All of the data should be repeated exactly; pictures are not part of the copy.

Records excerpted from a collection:
--------------------------------
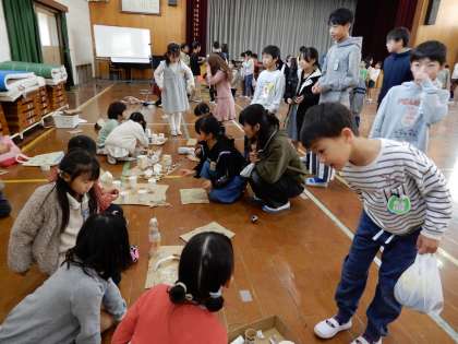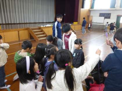 中間休みは、上の学年の子たちもやってきて1年生が考えたゲームを園児と一緒に楽しみました。
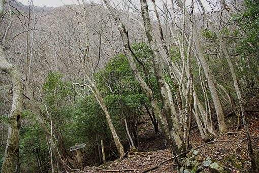 短い檜林を登った先には、文字が消えて判読できない道標とロープがあった。まだ、ロープに頼るほどではない落ち葉の
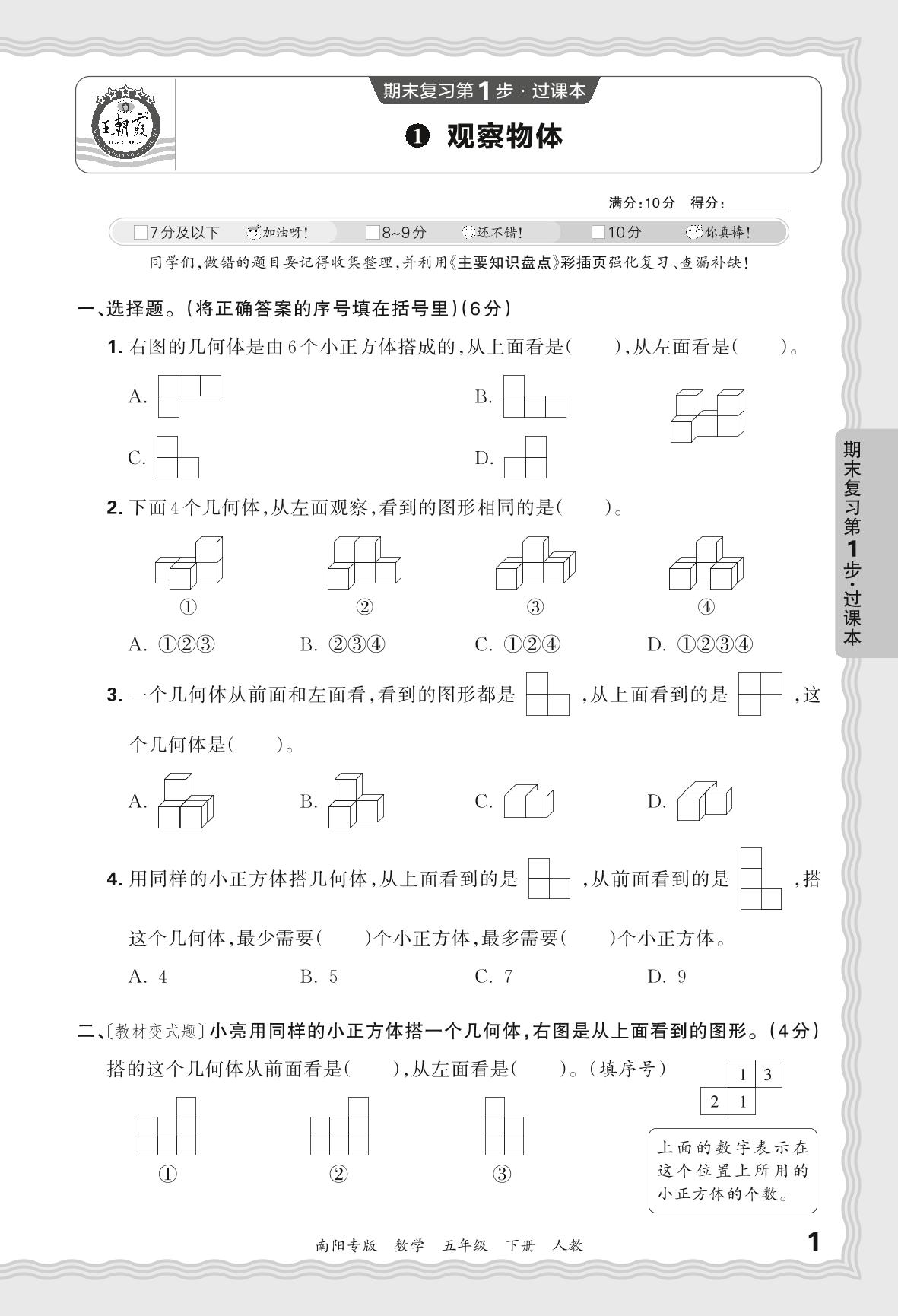 2024春下册五年级数学人教版 期末过课本南阳版·观察物体【1】
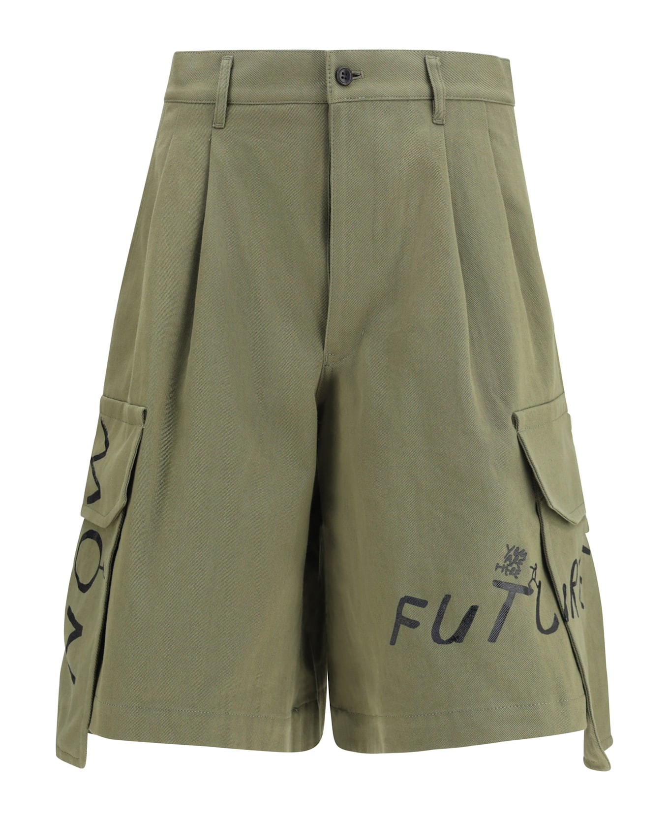 The cargo shorts with print by comme des garçons combine functionality with contemporary style. featuring printed details, side cargo pockets, buttoned back pockets, belt loops, and front pleats, they offer a distinctive and practical look, perfect for casual and trendy outfits.
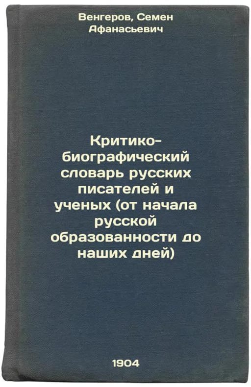 Short description: In Russian. Vengerov, Semyon Afanasyevich. Critical-Biographical Dictionary of Russian Writers and Scientists (from the beginning of Russian education to the present day). St. Petersburg: Semen. typo-lit. (I. Efron), 1889-1904. Kritiko-biograficheskiy slovar' russkikh pisateley i uchenykh (ot nachala russkoy obrazovannosti do nashikh dney). In Russian /Critical-Biographical Dictionary of Russian Writers and Scientists (from the beginning of Russian education to the present day). The image is provided for reference only. It may reflect condition of one of the available copies or only help in identifying the edition. Please feel free to contact us for a detailed description of the copies available. SKU3513863
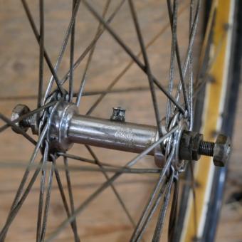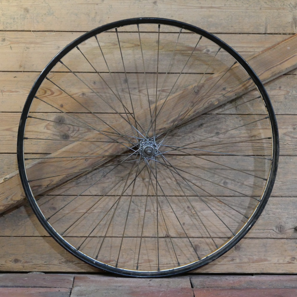 Vorderrad 26 Zoll (559), für Drahtbereifung Ballonrad, original 30er J., Felgenbreite ca. 38 mm, schwarz,
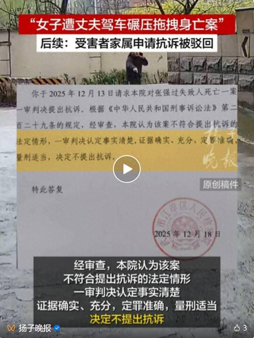 24日,“女子遭丈夫驾车碾压拖拽身亡案”有了最新消息。扬子晚报记者从被害人父亲干先生处获悉,他在一审宣判后向当地检察院提交的抗诉申请被驳回。据武汉市江岸区人民检察院向干先生出具的抗诉请求答复书显示,经审查星速配资,本院认为该案不符合提出抗诉的法定情形星速配资,一审判决认定事实清楚星速配资,证据确实星速配资,充分,定罪准确,量刑适当,决定不提出抗诉。干先生告诉扬子晚报记者,他已经对该案一审的刑事附带民事部分提出上诉,"我还会委托律师继续维权。"2021年3月6日,武汉一名29岁女子在自家楼下车库被丈夫驾车碾压并拖拽8.5米后身亡。案发后,驾驶员张某称自己并未看到妻子。据悉,夫妻两人在案发前有过争吵并且准备离婚。检方以过失致人死亡罪对张某提起公诉。该案已于近日一审宣判,被告人张某获刑5年。来源 | 扬子晚报/紫牛新闻
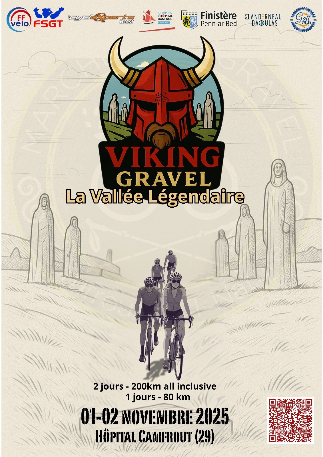 Les participants prendront le départ le samedi 01 novembre pour la Gravel au Gymnase, place Général De Gaulle à l’Hôpital Camfrout à 7h00 pour le circuit de 126 kilomètres, L’arrivée au gite Ti Menez Are à Brasparts est prévue entre 16h00 et 18h00.
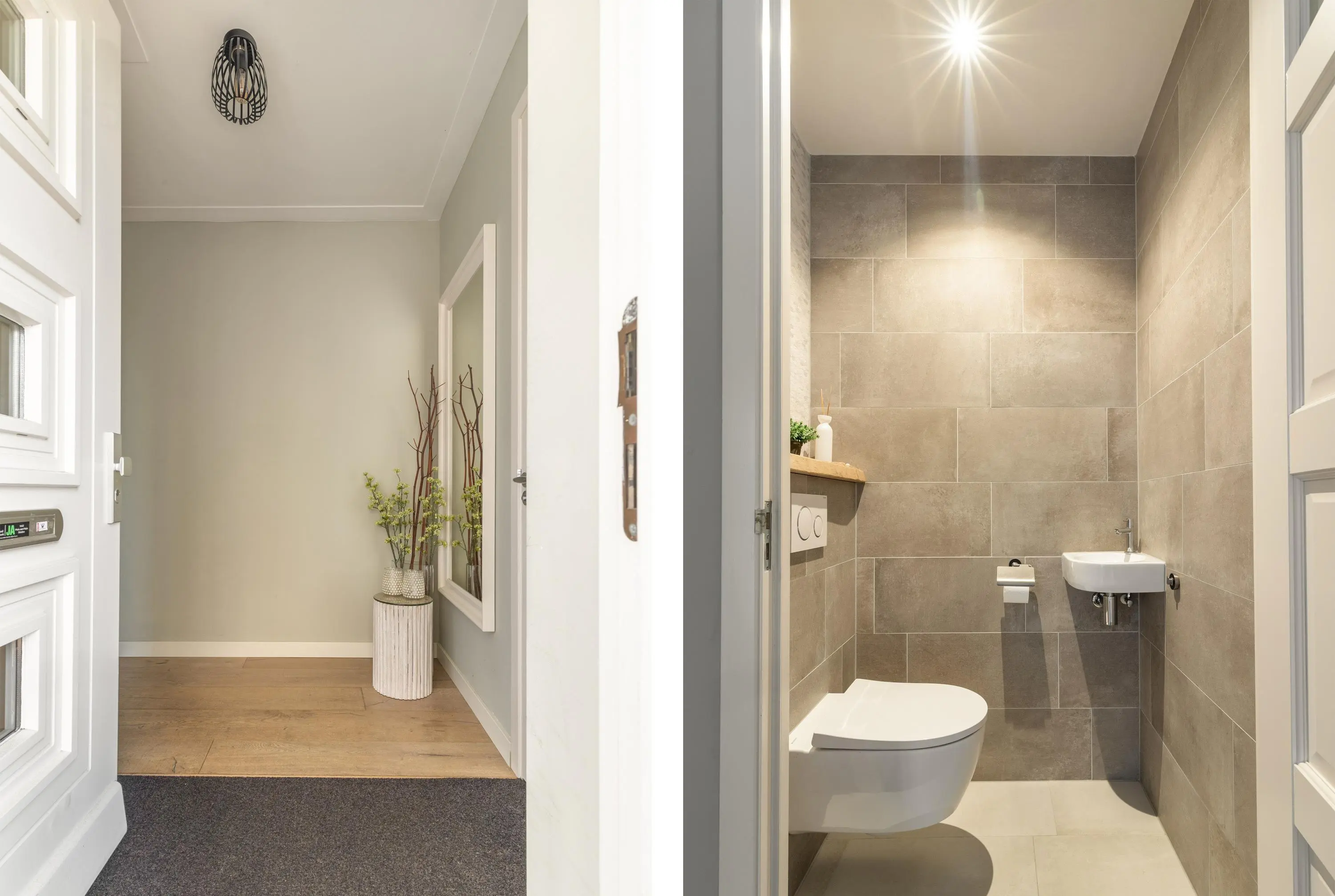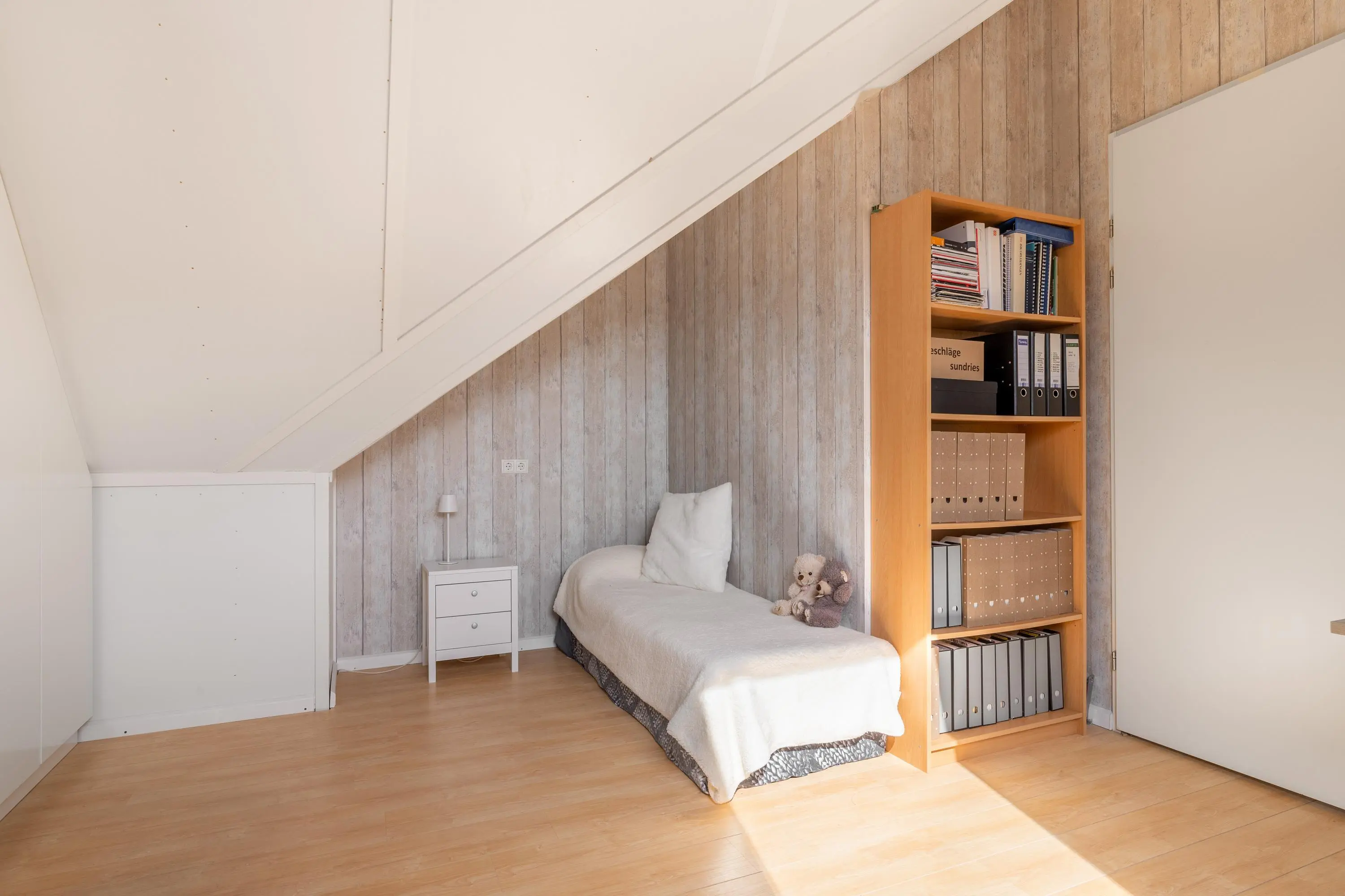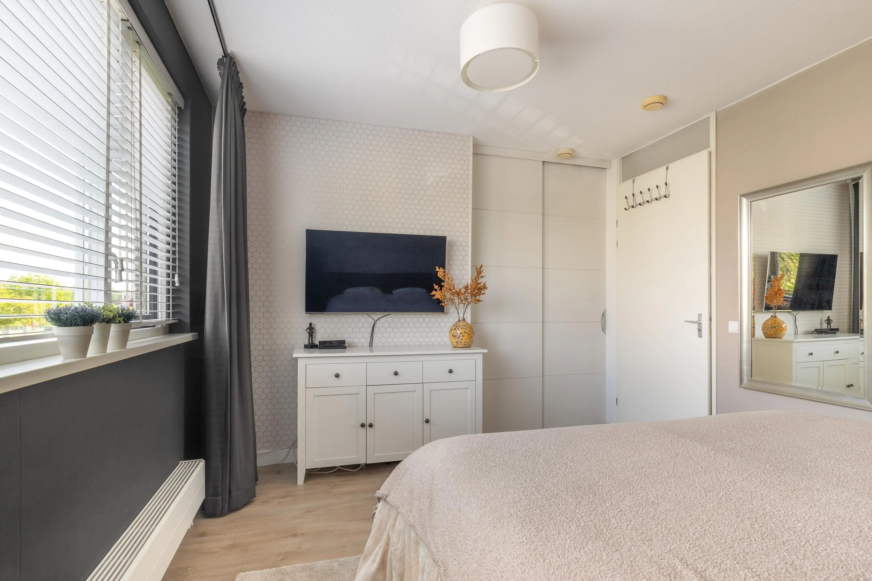 Op de eerste verdieping bevinden zich twee ruime slaapkamers, waarvan één met een inloopkledingkast. De badkamer en het separate toilet zijn in 2016 vernieuwd en modern afgewerkt. Op de tweede verdieping vind je nog eens twee volwaardige slaapkamers, elk met vaste kasten en een groot dakraam. Op de overloop is een praktische berging met aansluitingen voor wasmachine en droger, evenals de cv-installatie.
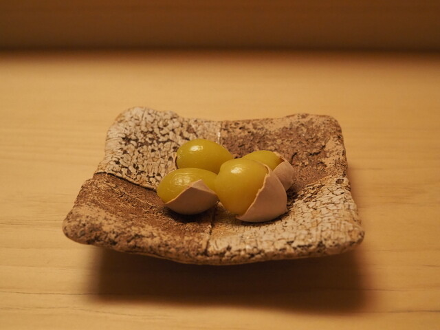 大ぶりの銀杏。ホクホクとした食感と程良い強さの風味で、スナックのように楽しめる。
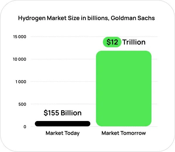 According to Goldman Sachs green hydrogen is a $12 trillion "Once in a Lifetime Market Opportunity."
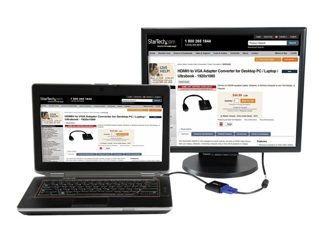StarTech.com Adaptateur / Convertisseur HDMI vers VGA pour ordinateur de bureau / ordinateur portable / Ultrabook - M/F - 1920x1080 - Noir - High Speed - adaptateur vidéo - HDMI mâle pour HD-15 (VGA) femelle - 24.5 cm - noir - support 1080p, actif - pour P/N: DK30C2DPEPUE, DK30C2DPPDUE, DK31C3HDPD, DK31C3HDPDUE, SV211HDUC, SV221HUC4K HD2VGAE2
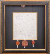 Ingelijst testament met drie lakzegels, omgeving Utrecht, 1750, 30 × 27 cm
--------------------------------
### RESULT FOR THIS EXERCISE
 中間休みは、上の学年の子たちもやってきて1年生が考えたゲームを園児と一緒に楽しみました。
 短い檜林を登った先には、文字が消えて判読できない道標とロープがあった。まだ、ロープに頼るほどではない落ち葉の
 2024春下册五年级数学人教版 期末过课本南阳版·观察物体【1】
 The cargo shorts with print by comme des garçons combine functionality with contemporary style. featuring printed details, side cargo pockets, buttoned back pockets, belt loops, and front pleats, they offer a distinctive and practical look, perfect for casual and trendy outfits.
 Short description: In Russian. Vengerov, Semyon Afanasyevich. Critical-Biographical Dictionary of Russian Writers and Scientists (from the beginning of Russian education to the present day). St. Petersburg: Semen. typo-lit. (I. Efron), 1889-1904. Kritiko-biograficheskiy slovar' russkikh pisateley i uchenykh (ot nachala russkoy obrazovannosti do nashikh dney). In Russian /Critical-Biographical Dictionary of Russian Writers and Scientists (from the beginning of Russian education to the present day). The image is provided for reference only. It may reflect condition of one of the available copies or only help in identifying the edition. Please feel free to contact us for a detailed description of the copies available. SKU3513863
 Vorderrad 26 Zoll (559), für Drahtbereifung Ballonrad, original 30er J., Felgenbreite ca. 38 mm, schwarz,
 24日,“女子遭丈夫驾车碾压拖拽身亡案”有了最新消息。扬子晚报记者从被害人父亲干先生处获悉,他在一审宣判后向当地检察院提交的抗诉申请被驳回。据武汉市江岸区人民检察院向干先生出具的抗诉请求答复书显示,经审查星速配资,本院认为该案不符合提出抗诉的法定情形星速配资,一审判决认定事实清楚星速配资,证据确实星速配资,充分,定罪准确,量刑适当,决定不提出抗诉。干先生告诉扬子晚报记者,他已经对该案一审的刑事附带民事部分提出上诉,"我还会委托律师继续维权。"2021年3月6日,武汉一名29岁女子在自家楼下车库被丈夫驾车碾压并拖拽8.5米后身亡。案发后,驾驶员张某称自己并未看到妻子。据悉,夫妻两人在案发前有过争吵并且准备离婚。检方以过失致人死亡罪对张某提起公诉。该案已于近日一审宣判,被告人张某获刑5年。来源 | 扬子晚报/紫牛新闻
 Les participants prendront le départ le samedi 01 novembre pour la Gravel au Gymnase, place Général De Gaulle à l’Hôpital Camfrout à 7h00 pour le circuit de 126 kilomètres, L’arrivée au gite Ti Menez Are à Brasparts est prévue entre 16h00 et 18h00.
 Op de eerste verdieping bevinden zich twee ruime slaapkamers, waarvan één met een inloopkledingkast. De badkamer en het separate toilet zijn in 2016 vernieuwd en modern afgewerkt. Op de tweede verdieping vind je nog eens twee volwaardige slaapkamers, elk met vaste kasten en een groot dakraam. Op de overloop is een praktische berging met aansluitingen voor wasmachine en droger, evenals de cv-installatie.
 大ぶりの銀杏。ホクホクとした食感と程良い強さの風味で、スナックのように楽しめる。
 According to Goldman Sachs green hydrogen is a $12 trillion "Once in a Lifetime Market Opportunity."
StarTech.com Adaptateur / Convertisseur HDMI vers VGA pour ordinateur de bureau / ordinateur portable / Ultrabook - M/F - 1920x1080 - Noir - High Speed - adaptateur vidéo - HDMI mâle pour HD-15 (VGA) femelle - 24.5 cm - noir - support 1080p, actif - pour P/N: DK30C2DPEPUE, DK30C2DPPDUE, DK31C3HDPD, DK31C3HDPDUE, SV211HDUC, SV221HUC4K HD2VGAE2
 Ingelijst testament met drie lakzegels, omgeving Utrecht, 1750, 30 × 27 cm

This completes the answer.